A million more patients could face waits of more than four hours in NHS A&E wards in England by 2019-20 in the absence of urgent action to address rising demand, the British Medical Association has said.
Analysis by the doctors’ union, shared exclusively with the Guardian, projects that the number of people attending emergency wards and waiting more than four hours to be treated could reach 3.7 million in three years’ time, up from 2.6 million in the year ending September 2017.

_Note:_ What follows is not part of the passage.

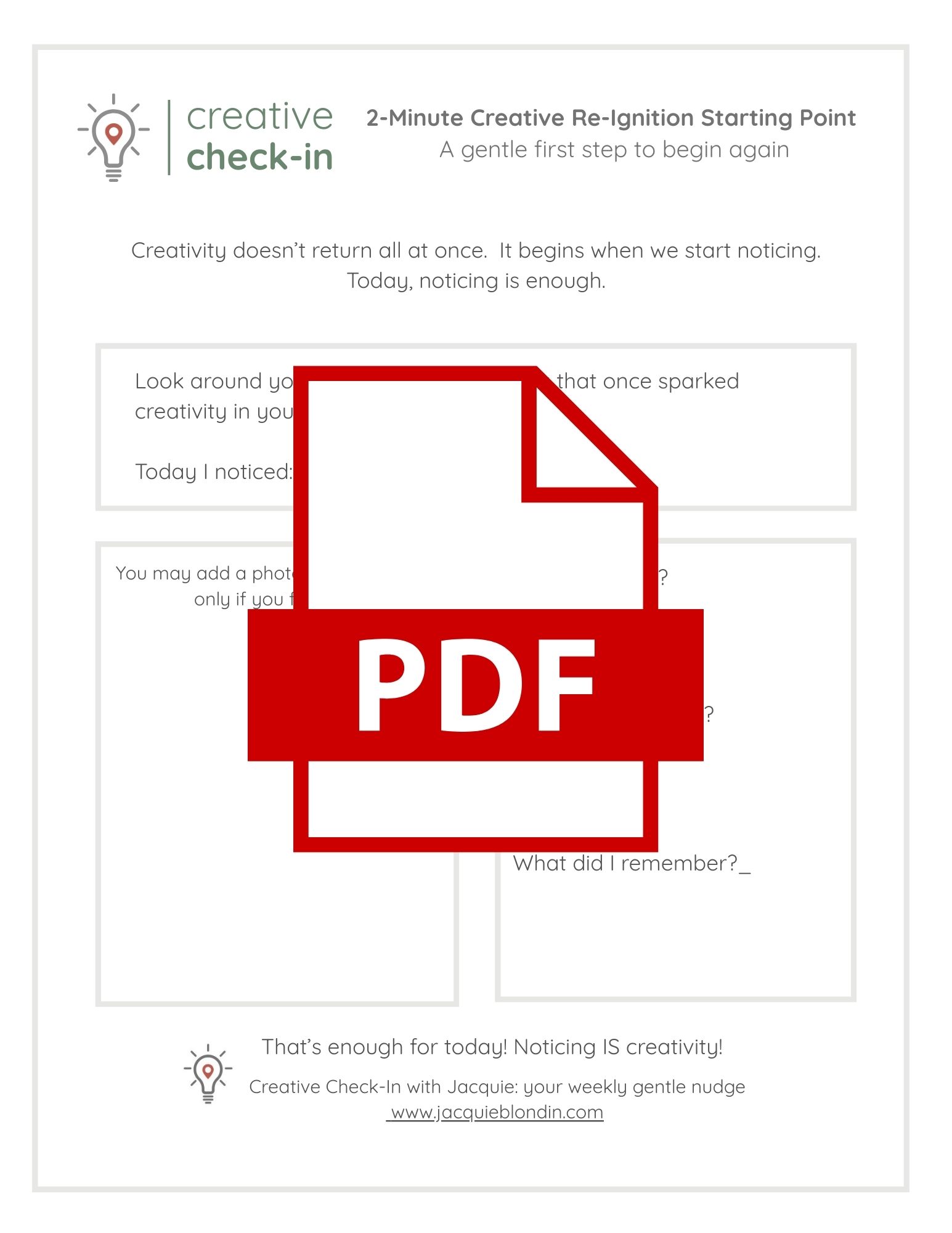 This gentle resource is made for midlife makers and returning artists who feel called back to creativity — but aren’t sure where to begin. If you’ve been away from your art practice for a while, this 2-minute worksheet offers a soft first step. It doesn’t ask you to make anything. It simply invites you to notice what once sparked creativity in you — because noticing is where momentum begins. Inside, you’ll explore: why movement — not inspiration — rekindles creative rhythm, a gentle method to re-engage your creative mind, and a simple reflection prompt for when you feel stuck. Creativity doesn’t return all at once. It begins when you start to notice again.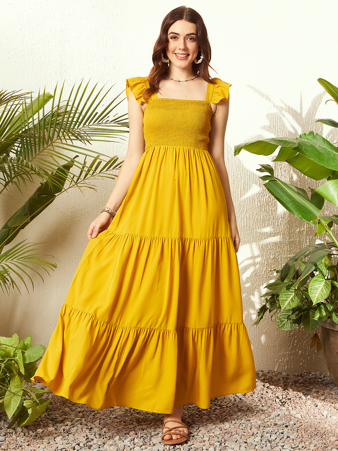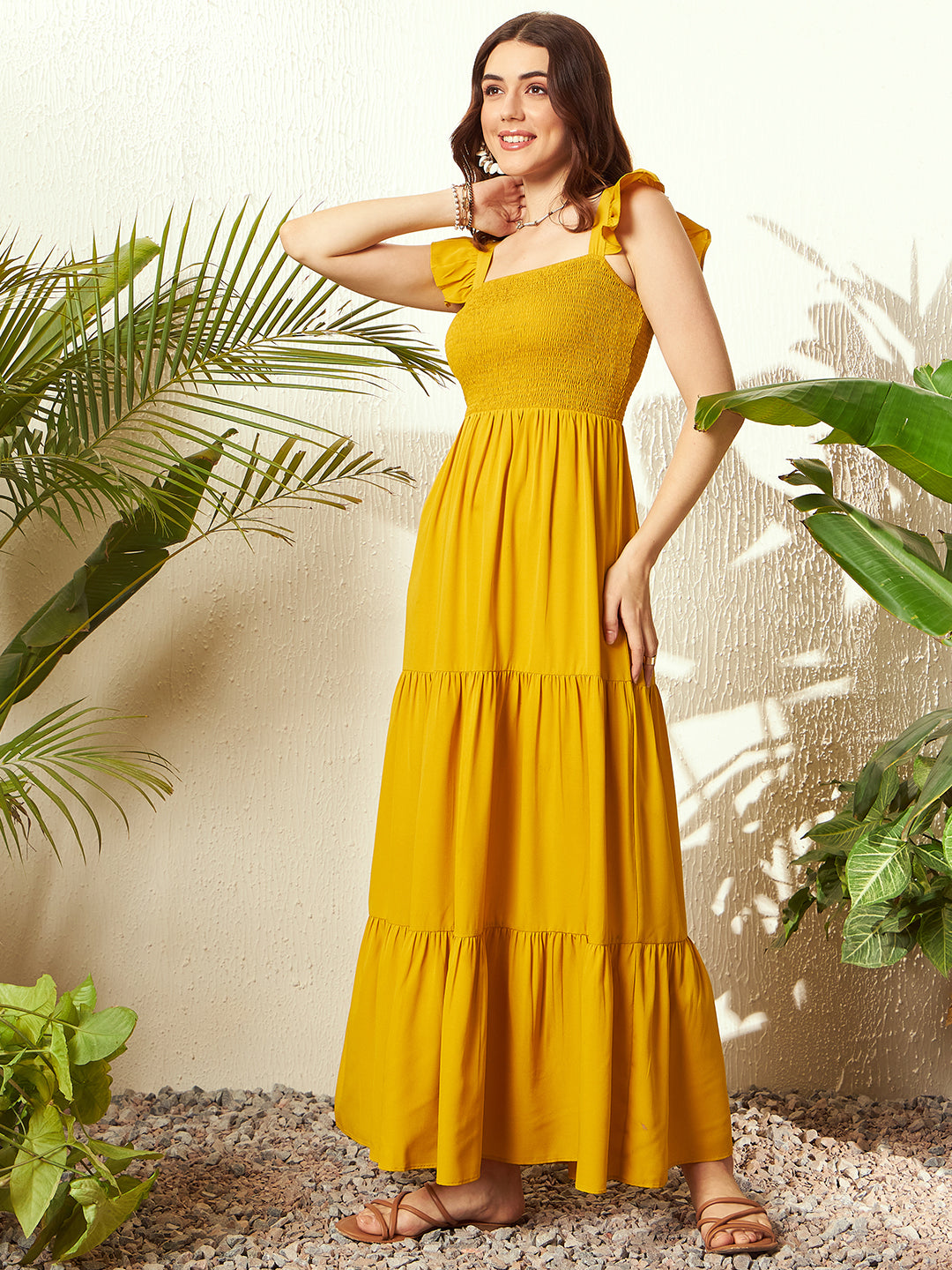 Introducing the Berrylush Solid Yellow Square Neck Sleeveless Smocked Maxi Dress, your quintessential travel companion. Crafted from premium polyester with a woven weave, this dress promises both durability and comfort on your adventures. The radiant yellow color captures the essence of joy and freedom, perfect for exploring new horizons. Designed with a flattering square neckline and sleeveless cut to keep you cool under the sun, it also features exquisite smocking detail that enhances its elegance. The ruffled detailing adds a playful twist to its solid pattern while the flared hemline ensures graceful movements as you wander.

The forecast assumes numbers increase at the same rate as the average over the past five years and a “do-nothing scenario”, in which funding remains at its current level and the proposed measures to address pressures have little or no effect.
If accurate, it would mean 84.8% of patients being seen within four hours between October 2019 and September 2020, down from 89% in 2016-17 and significantly short of the 95% target, which was effectively scrapped by Jeremy Hunt, the health secretary, in January.
The BMA chair of council, Dr Chaand Nagpaul, said: “These alarming figures show the scale of the challenge facing the NHS. As demand increases and waiting times rise, many more patients are left waiting longer for care. It is clear from this analysis that we need urgent action to close the gap between investment and rising demand on the NHS.”
The union also predicts that “trolley waits”, where patients are left waiting more than four hours for a hospital bed after a decision to admit, will more than triple by 2019-20, from 566,000 last year to 1.78 million. It says there could be an average of 5.2 million patients on the elective treatment waiting list by then – up from 3.9 million – for operations such as cataract removal, hernia repair or hip or knee replacement.